The Hawks learned pretty quickly Friday night that Game 3 of their first-round playoff series with the Celtics would be different from the first two.
The opening sequence started out innocent — and familiar — enough, with Jonas Jerebko missing a 3-point try, Amir Johnson kicking out the rebound to Isaiah Thomas, and Thomas’s ensuing shot bouncing off the rim.
But as Thomas’s attempt made its way to the basket, the 6-foot-10-inch Jerebko glided with it. He started behind Thomas and ended in the right place at the right time: at the hoop with the ball floating there, asking to be dunked.
Jerebko, making his first start of the season, didn’t so much dunk the ball as he did bat it through the basket. The TD Garden crowd exploded. The Celtics were on their way to a big first quarter and — after a second-half scare — a 111-103 win.
“That’s what got them going,” the Hawks’ Paul Millsap said. “The dunk got them going, got the crowd into it early. It just made it tough on us.”
Added teammate Al Horford: “You don’t want to start the game like that. You just don’t. It’s one of those plays that you try to move on and move onto the next play. That’s what we did.”
Well, sort of.
Jerebko’s dunk was the start of an electrifying sequence that included a few Thomas makes, a harbinger of things to come.

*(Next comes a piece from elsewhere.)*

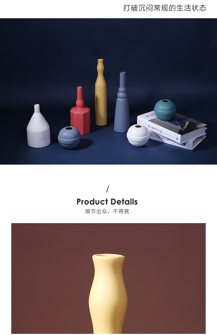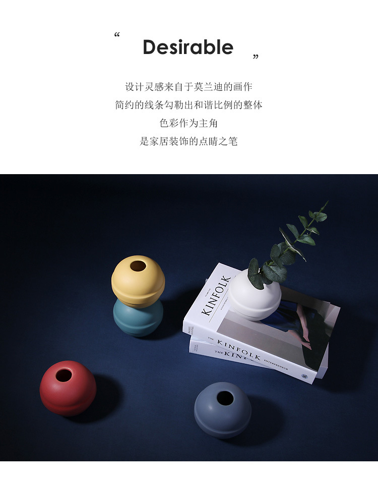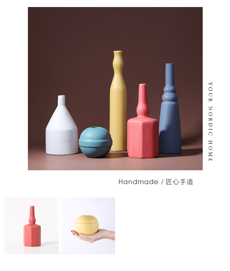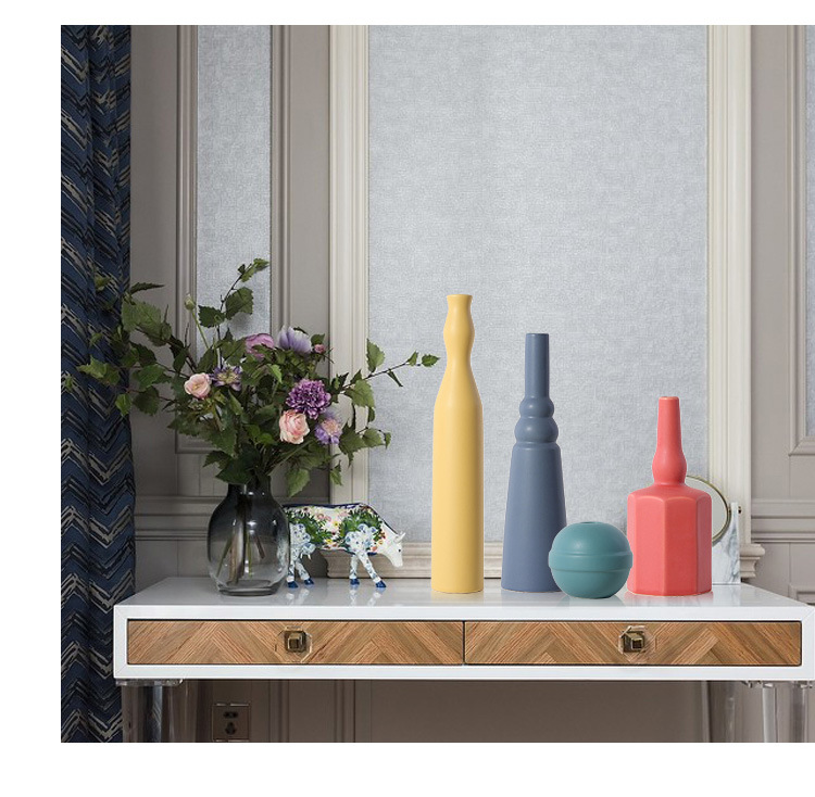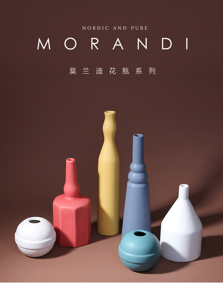 북유럽 모란디 컬러 세라믹 꽃병 간단한 거실 호텔 장식 장식품 부드러운 공예 도매

The Hawks insisted they were ready to play Friday. Maybe, they suggested, the Celtics were just more ready — or more desperate — returning home down, 2-0, in the series.
The general sentiment of the Atlanta locker room: You can’t win them all. They had to forget it and be better for Game 4 Sunday.
“Their sense of urgency was more than ours,” Horford said. “That was the big difference.”
The Celtics’ fast start soon gave way to quite a bit of chippy play. At one point, Thomas seemed to slap Atlanta point guard Dennis Schroder (20 points) in the face/neck area. Cameras caught it, but the officials didn’t. Schroder expressed his frustration to the referees, who apologized at halftime for missing it, according to Schroder.
Hawks coach Mike Budenholzer said he expects the league to take a look at it.
“The league does a good job on all things like this, and they have high standards and all teams are aware of their emphasis during the playoffs,” Budenholzer said. “As far as an explanation, there wasn’t an explanation. There was a double technical and there was no review of the incident in the backcourt at the free throw line.”
Schroder was a little more straightforward.
“It was aggressive,” he said. “I was mad.”
Thomas’s offensive output might’ve made Schroder a little mad, too — a game-high 42 points on 12-for-24 shooting and 13 of 15 free throws. That’s a significant difference from Thomas’s 33.3 percent shooting (12 for 36) from the field in the first two games.
Budenholzer was less than pleased that Thomas was able to get to the line as often as he did.
“He earned them,” Budenholzer said. “That [many free throws is] a problem right there. We’ve got to do a better job of keeping him off the free throw line, maybe be more disciplined on pump fakes.”
Budenholzer wasn’t too upset overall, though.
“Our players’ response I think could be better, but at the same time we were focused, we were ready,” Budenholzer said. “They threw a heck of a blow coming out in the first quarter. Some nights, you’re just on the wrong side of that.
“Could we be better? Yes. But I’m not overly critical of how we responded or how we came out or how we met expectations on the road. We need to be better.”